Un centro che non guarda a sinistra: il civismo che piace a Cirio (e Costa)
Davide Depascale 15:25 Sabato 30 Maggio 2026Dopo il lancio nella sua provincia di Cuneo, Robaldo esporta il "modello Granda" nelle altre province piemontesi. Prima tappa due giorni fa nel Novarese. Torino anello debole. I partiti del centrodestra osservano con attenzione e qualche preoccupazione
Se i progetti civici che guardano a sinistra stentano a decollare, con la Margherita 2.0 ancora lontana dal fiorire, c'è un pezzo di centrodestra piemontese che si raccoglie fuori dai recinti tradizionali dei partiti. Un’area vasta, fatta di sindaci, amministratori locali, consiglieri comunali e provinciali senza tessera, che guarda alle Comunali del 2027 con l'ambizione di costruire una casa comune capace di pesare anche nelle principali città della regione chiamate al voto: Torino, Novara, Alessandria, Asti e Cuneo.

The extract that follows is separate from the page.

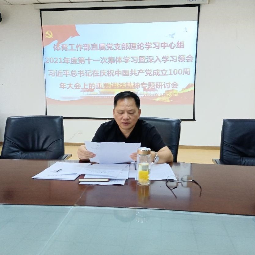 9月28日,体育工作部直属党支部理论学习中心组召开2021年度第十一次集体学习暨深入学习领会习近平总书记在庆祝中国共产党成立100周年大会上的重要讲话精神专题研讨会,会议由直属党支部书记李国和主持。

Ed è proprio da Cuneo che il progetto prende forma. La Granda, da sempre laboratorio politico del moderatismo piemontese, sta diventando il perno di una rete civica che punta a federare esperienze territoriali diverse, ma accomunate da un’impostazione pragmatica, amministrativa e moderata. Sullo sfondo si prepara già il terreno per una possibile candidatura a sindaco nel capoluogo del civico Enrico Collidà, nome che nelle ultime settimane circola con sempre maggiore insistenza negli ambienti del centrodestra cuneese, ma con l'ambizione di andare oltre il perimetro della coalizione, raccogliendo consensi anche nell’ala moderata del Campo Largo.
La tela di Robaldo
Architetto dell’operazione è un monregalese dal giovane cuore liberale: Luca Robaldo. Sindaco di Mondovì e presidente della Provincia di Cuneo, Robaldo rappresenta oggi uno dei principali punti di riferimento del civismo moderato piemontese. Prima di mettersi in proprio è stato stretto collaboratore sia del presidente della Regione Alberto Cirio sia del suo compaesano Enrico Costa –oggi capogruppo di Forza Italia alla Camera – quando quest'ultimo ricopriva incarichi ministeriali.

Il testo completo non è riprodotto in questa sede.